**Work task**
All of the data must be output exactly, with every picture left out.

(Input material begins)

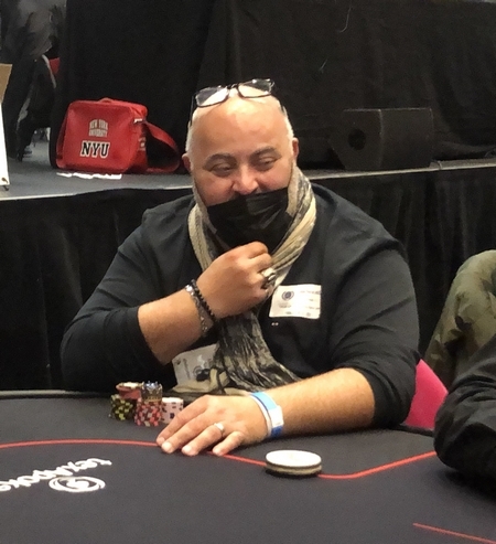 Alors que, pendant la courte pause, je parcourais les tables à la recherche d'un éventuel Chip Leader, je tombais sur un stack à 125k, en table 10. Les joueurs entrant à nouveau dans la salle de spectacles, j'attendai donc l'heureux élu qui aurait droit à son petit article.
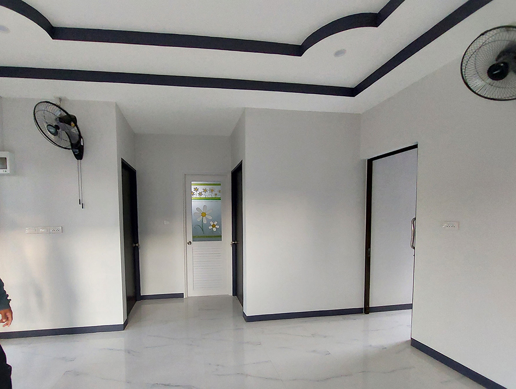ส่วนของห้องโถงกลางรับแขกปูพื้นด้วยกระเบื้องลายหินอ่อน ผนังสีควันบุรี่และฝ้าเพดานแบบหลุ่มเล่นระดับสวยงาม
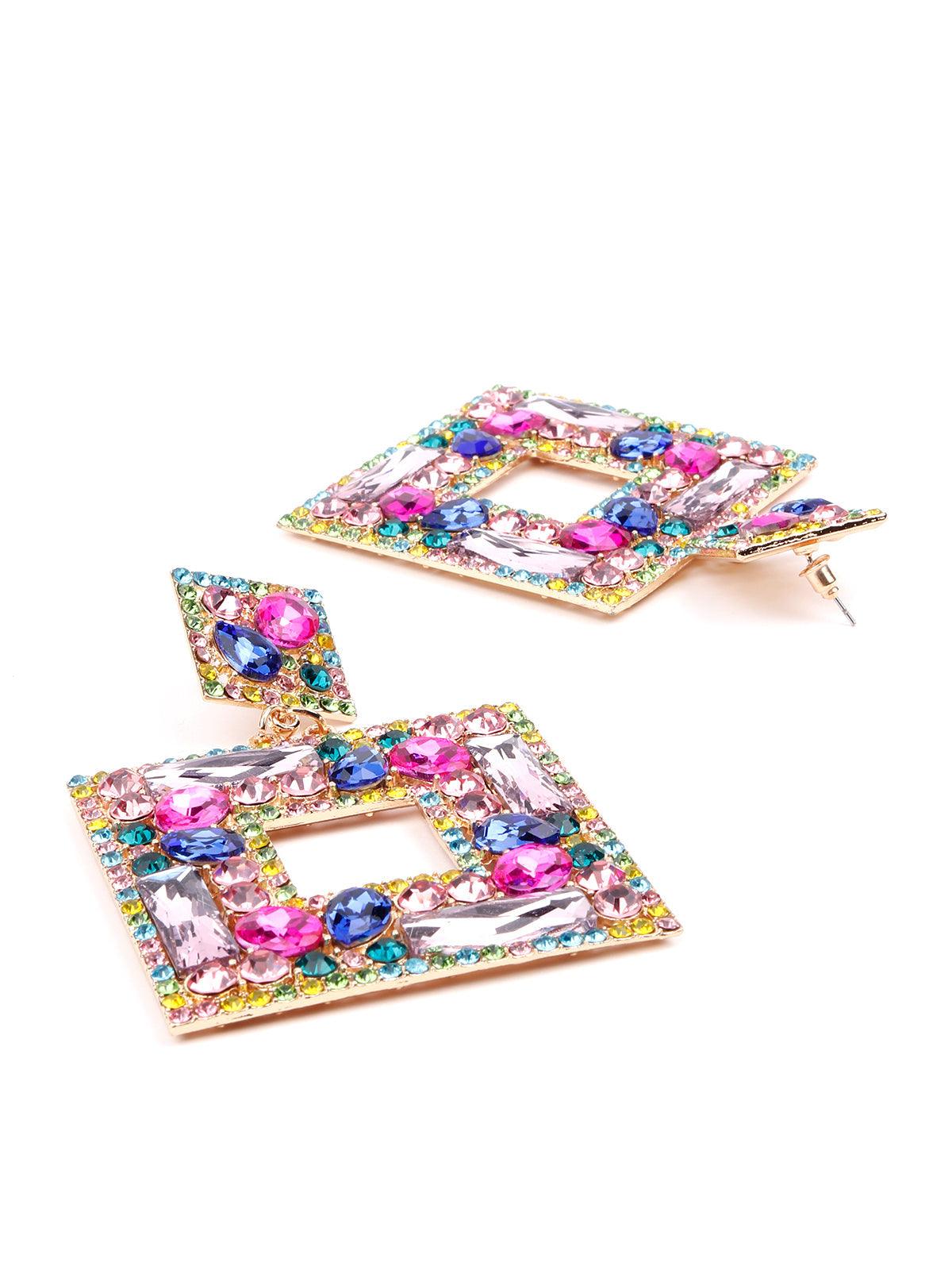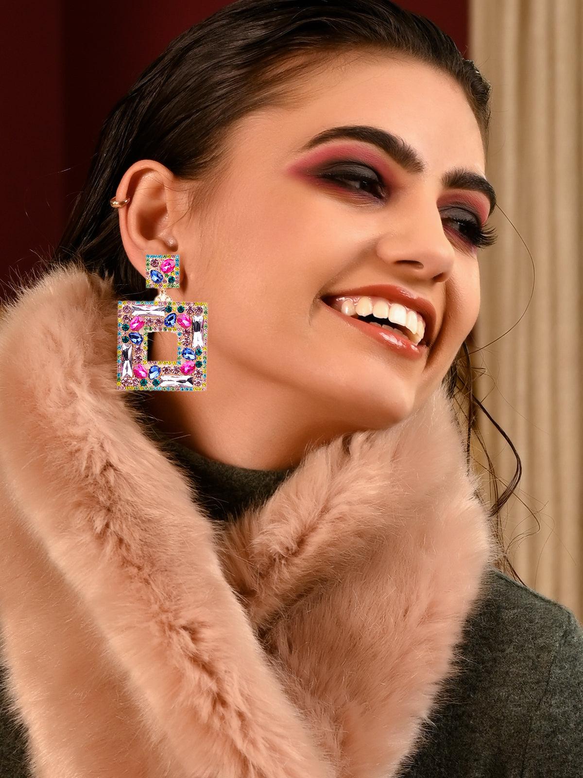 Teardrop earrings are one of the best picks that flatter your face, your hairstyle and your personality. Take a look at these striking yet elegant citrine drop earrings that sparkle like the golden sun. The square citrine tops linked to the station diamonds are also set sideways to lengthen the drop look. The perfect combination of curved and defined contours.
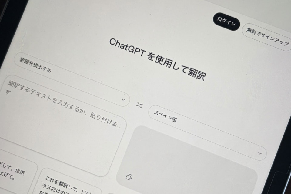 「ChatGPT Translate」は、ChatGPTへのログインなしでも無料で利用できる。ログインした状態では、翻訳後のテキストをそのままChatGPTに引き継ぎ、内容の要約やメール文面の作成といった連携機能が活用できる。
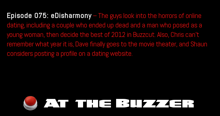 Episode 75: eDisharmony — The guys look into the horrors of online dating, including a couple who ended up dead and a man who posed as a young woman, then decide the best of 2012 in Buzzcut. Also, Chris can’t … Continue reading At the Buzzer (01/03/13)

(Input material ends)

**Response to the exercise**
 Alors que, pendant la courte pause, je parcourais les tables à la recherche d'un éventuel Chip Leader, je tombais sur un stack à 125k, en table 10. Les joueurs entrant à nouveau dans la salle de spectacles, j'attendai donc l'heureux élu qui aurait droit à son petit article.
ส่วนของห้องโถงกลางรับแขกปูพื้นด้วยกระเบื้องลายหินอ่อน ผนังสีควันบุรี่และฝ้าเพดานแบบหลุ่มเล่นระดับสวยงาม
 Teardrop earrings are one of the best picks that flatter your face, your hairstyle and your personality. Take a look at these striking yet elegant citrine drop earrings that sparkle like the golden sun. The square citrine tops linked to the station diamonds are also set sideways to lengthen the drop look. The perfect combination of curved and defined contours.
 「ChatGPT Translate」は、ChatGPTへのログインなしでも無料で利用できる。ログインした状態では、翻訳後のテキストをそのままChatGPTに引き継ぎ、内容の要約やメール文面の作成といった連携機能が活用できる。
 Episode 75: eDisharmony — The guys look into the horrors of online dating, including a couple who ended up dead and a man who posed as a young woman, then decide the best of 2012 in Buzzcut. Also, Chris can’t … Continue reading At the Buzzer (01/03/13)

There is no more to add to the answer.